The Grandmaster Experiment

Critics dismiss Ericsson's doctrine as the "drudge theory" of genius. It is reasonable to assume, they say, that the musicians who logged more hours did so because they had more innate ability and therefore obtained better results from their practice sessions. But Ericsson protests that talent's effects level off. Deliberate practice is not mechanically repeating tasks that come easily, but rather targeting and attacking specific areas that need improvement.

"My father believes that innate talent is nothing, that [success] is 99 percent hard work," Susan says. "I agree with him."

The Polgars' high-rise apartment in downtown Budapest was a shrine to unremitting chess practice. Thousands of chess books were stuffed onto shelves. Trophies and boards cluttered the living room. A file card system took up an entire wall. It included records of previous games for endless analytical pleasure and even an index of potential competitors' tournament histories. Framed prints depicting 19th-century chess scenes served as decor in the main room, where the girls often sat cross-legged on the floor, playing blindfolded blitz games that lasted mere minutes.

Such a regimen tempts accusations of light torture had the children been unwilling pawns. But blindfolded speed chess was the sisters' idea of fun. And while they had a few friends in the neighborhood, the girls were perfectly content to pass their days training with elderly male grandmasters. "I had an inner drive," recalls Susan. "I think that is the difference between the very good and the best."

Ellen Winner, a psychologist at Boston College, calls this drive the "rage to master." She thinks it's what propels prodigies through grueling years of training. "The rage to master is a prodigy's primary motivation," she says. "Mastering a certain activity is more important to them than socializing, than anything else." Winner believes that infusing a child with the rage to master is impossible: "You can force your kids to work harder, but you can't get them to have that level of passion. The sisters could have just as easily rebelled against Laszlo."

In fact, they couldn't be stopped. Laszlo once found Sophia in the bathroom in the middle of the night, a chessboard balanced across her knees. "Sophia, leave the pieces alone!" he said, shaking his head. "Daddy, they won't leave me alone!" she replied.
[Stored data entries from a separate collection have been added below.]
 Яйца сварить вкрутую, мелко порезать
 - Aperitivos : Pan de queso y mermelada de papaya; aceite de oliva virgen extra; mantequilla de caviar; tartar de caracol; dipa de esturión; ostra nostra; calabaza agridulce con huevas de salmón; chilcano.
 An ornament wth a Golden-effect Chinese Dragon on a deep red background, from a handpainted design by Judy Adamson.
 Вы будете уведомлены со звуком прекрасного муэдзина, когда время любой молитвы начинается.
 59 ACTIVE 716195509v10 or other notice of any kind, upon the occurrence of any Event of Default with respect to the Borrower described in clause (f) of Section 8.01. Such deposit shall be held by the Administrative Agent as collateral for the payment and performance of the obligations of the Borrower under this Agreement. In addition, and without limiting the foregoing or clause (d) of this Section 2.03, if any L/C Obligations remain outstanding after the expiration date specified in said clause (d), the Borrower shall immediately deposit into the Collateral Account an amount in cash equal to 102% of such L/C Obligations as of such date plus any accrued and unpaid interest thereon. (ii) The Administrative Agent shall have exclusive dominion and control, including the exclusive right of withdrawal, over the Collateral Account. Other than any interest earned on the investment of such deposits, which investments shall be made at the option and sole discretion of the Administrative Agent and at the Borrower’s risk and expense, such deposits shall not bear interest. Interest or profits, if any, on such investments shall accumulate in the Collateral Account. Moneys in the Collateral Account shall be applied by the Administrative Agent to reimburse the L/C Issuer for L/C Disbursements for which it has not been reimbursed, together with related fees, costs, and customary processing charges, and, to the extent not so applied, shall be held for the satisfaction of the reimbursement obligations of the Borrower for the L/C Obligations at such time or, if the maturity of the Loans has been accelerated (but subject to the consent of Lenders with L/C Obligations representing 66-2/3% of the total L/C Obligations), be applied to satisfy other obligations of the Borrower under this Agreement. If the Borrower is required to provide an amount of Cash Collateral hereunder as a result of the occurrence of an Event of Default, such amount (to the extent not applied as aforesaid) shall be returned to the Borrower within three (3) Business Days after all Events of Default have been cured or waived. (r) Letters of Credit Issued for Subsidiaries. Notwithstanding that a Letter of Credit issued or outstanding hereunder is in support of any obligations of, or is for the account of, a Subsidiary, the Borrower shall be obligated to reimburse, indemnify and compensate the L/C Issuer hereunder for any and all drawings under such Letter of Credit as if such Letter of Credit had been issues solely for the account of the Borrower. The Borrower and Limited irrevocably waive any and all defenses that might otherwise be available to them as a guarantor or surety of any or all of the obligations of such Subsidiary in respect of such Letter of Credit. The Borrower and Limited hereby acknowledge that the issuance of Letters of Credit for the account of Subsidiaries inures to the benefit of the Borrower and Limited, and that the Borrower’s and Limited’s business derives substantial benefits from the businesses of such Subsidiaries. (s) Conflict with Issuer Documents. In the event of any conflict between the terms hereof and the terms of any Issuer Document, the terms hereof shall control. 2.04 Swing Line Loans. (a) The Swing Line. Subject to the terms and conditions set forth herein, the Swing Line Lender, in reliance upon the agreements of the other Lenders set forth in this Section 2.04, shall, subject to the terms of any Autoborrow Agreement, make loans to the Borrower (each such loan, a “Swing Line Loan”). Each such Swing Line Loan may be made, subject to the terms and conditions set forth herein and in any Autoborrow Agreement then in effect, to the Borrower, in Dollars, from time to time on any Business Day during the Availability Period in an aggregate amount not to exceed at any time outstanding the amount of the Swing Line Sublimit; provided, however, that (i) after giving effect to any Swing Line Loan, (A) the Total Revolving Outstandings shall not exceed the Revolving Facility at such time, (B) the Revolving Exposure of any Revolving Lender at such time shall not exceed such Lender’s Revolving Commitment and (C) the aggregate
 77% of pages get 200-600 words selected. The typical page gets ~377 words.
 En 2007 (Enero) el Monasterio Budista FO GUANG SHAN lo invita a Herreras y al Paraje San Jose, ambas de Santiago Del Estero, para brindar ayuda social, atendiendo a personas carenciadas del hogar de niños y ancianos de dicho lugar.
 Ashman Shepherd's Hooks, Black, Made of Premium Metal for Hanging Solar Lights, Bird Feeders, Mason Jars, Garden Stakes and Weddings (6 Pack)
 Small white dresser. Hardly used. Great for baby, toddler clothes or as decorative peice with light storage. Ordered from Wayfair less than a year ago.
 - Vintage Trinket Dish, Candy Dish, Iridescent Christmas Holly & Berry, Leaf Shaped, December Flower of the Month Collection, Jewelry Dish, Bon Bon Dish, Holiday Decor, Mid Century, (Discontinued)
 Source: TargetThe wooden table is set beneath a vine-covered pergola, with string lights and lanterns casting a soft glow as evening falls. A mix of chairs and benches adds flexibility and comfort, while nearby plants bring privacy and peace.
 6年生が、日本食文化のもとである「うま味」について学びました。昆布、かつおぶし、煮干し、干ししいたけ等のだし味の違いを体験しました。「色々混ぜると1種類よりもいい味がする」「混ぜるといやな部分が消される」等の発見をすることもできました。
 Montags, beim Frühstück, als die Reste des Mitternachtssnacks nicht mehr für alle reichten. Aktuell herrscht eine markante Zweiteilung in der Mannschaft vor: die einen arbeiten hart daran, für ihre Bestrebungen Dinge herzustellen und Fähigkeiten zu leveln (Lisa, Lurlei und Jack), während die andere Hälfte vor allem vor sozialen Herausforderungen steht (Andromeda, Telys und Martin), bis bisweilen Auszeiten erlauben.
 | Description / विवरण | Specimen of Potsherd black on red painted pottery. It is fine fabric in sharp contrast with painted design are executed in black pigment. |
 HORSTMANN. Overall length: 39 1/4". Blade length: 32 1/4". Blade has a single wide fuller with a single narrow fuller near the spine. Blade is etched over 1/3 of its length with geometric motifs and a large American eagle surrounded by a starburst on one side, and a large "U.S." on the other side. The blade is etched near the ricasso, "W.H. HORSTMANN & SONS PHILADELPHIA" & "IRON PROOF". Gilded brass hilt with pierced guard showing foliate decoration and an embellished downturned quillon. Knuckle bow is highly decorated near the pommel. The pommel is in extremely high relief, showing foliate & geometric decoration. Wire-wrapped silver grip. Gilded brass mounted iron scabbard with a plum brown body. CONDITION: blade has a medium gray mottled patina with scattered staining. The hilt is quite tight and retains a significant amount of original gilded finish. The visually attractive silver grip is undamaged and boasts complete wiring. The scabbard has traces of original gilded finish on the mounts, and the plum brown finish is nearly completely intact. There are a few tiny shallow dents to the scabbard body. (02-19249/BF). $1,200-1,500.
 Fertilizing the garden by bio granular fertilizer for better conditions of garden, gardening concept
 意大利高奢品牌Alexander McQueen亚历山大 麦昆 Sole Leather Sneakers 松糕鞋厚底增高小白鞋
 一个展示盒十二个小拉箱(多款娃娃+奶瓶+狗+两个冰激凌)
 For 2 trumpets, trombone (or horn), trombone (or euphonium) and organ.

What are the chances, though, that three girls destined for stellar achievement would be born to a man convinced that geniuses are made?

"The Polgar sisters are a beautiful coincidence," says Ognjen Amidzic. A neuroscientist in Switzerland, Amidzic once aspired to become a professional chess player. He had the "rage to master" and even moved to Russia as a teenager to study intensively with grandmasters. But he reached a plateau at age 23 and had to quit. Reeling from his wrecked dreams, Amidzic went into cognitive science to understand what went wrong. Through the use of brain scans, he discovered a marked difference between grandmasters and highly trained amateur chess players like himself: When grandmasters play chess, the areas responsible for long-term memory and higher-level processing are activated.

Chess titans have anywhere from 20,000 to 100,000 configurations of pieces, or patterns, committed to memory. They are able to quickly pull relevant information from this mammoth database. With a mere glance, a grandmaster can then figure out how the configuration in front of him is likely to play itself out.

Amateurs, by contrast, use short-term memory while playing chess. When they take in new information, it stays in the "small hard drive" of working memory without passing over into the "zip drive" of long-term memory. "Amateurs are overwriting things they've already learned," says Amidzic. "Can you imagine how frustrating that is!"

Amidzic's research suggests that chess whizzes are born with the tendency to process chess more through their frontal and parietal cortices, the areas thought to be responsible for long-term memory. Players whose medial temporal lobes are activated more will be consigned to mediocrity. He hasn't yet been able to follow children over time to see if their processing ratio of frontal-and-parietal cortices to medial temporal lobes indeed remains stable, but his retrospective analyses of older players show that their ratio corresponds to their highest historical chess rating, as would be expected if the ratio truly predicts chess performance. And he doesn't think that gender influences this proclivity. He had scanned the brain of a 22-year-old female chess beginner and found her ratio to be far above average. If she sets her mind to it, Amidzic believes, the young woman has the potential to become a master-level player.

Amidzic's own chess-processing ratio, on the other hand, is about 50-50. "I'm the Salieri of the chess world," he says. "I'm talented enough to admire and also to know what I will not achieve. It's better to be ordinary and not know."

Susan, Sophia and Judit were all extraordinary at a game that was essentially thrust upon them. "It's like an arranged marriage that worked out well," says Josh Waitzkin, eight-time national chess champion and subject of the book and film Searching for Bobby Fischer. But eventually, each sister grew into herself.

"The beauty of chess is that your personality can come across on the board," says Waitzkin. "Sophia was lighthearted, very funny and coquettish. As a teenager she was stunningly beautiful. Men adored her left and right, and she enjoyed that. She was a brilliant speed player, sharp as a tack. But she didn't work as hard as the others."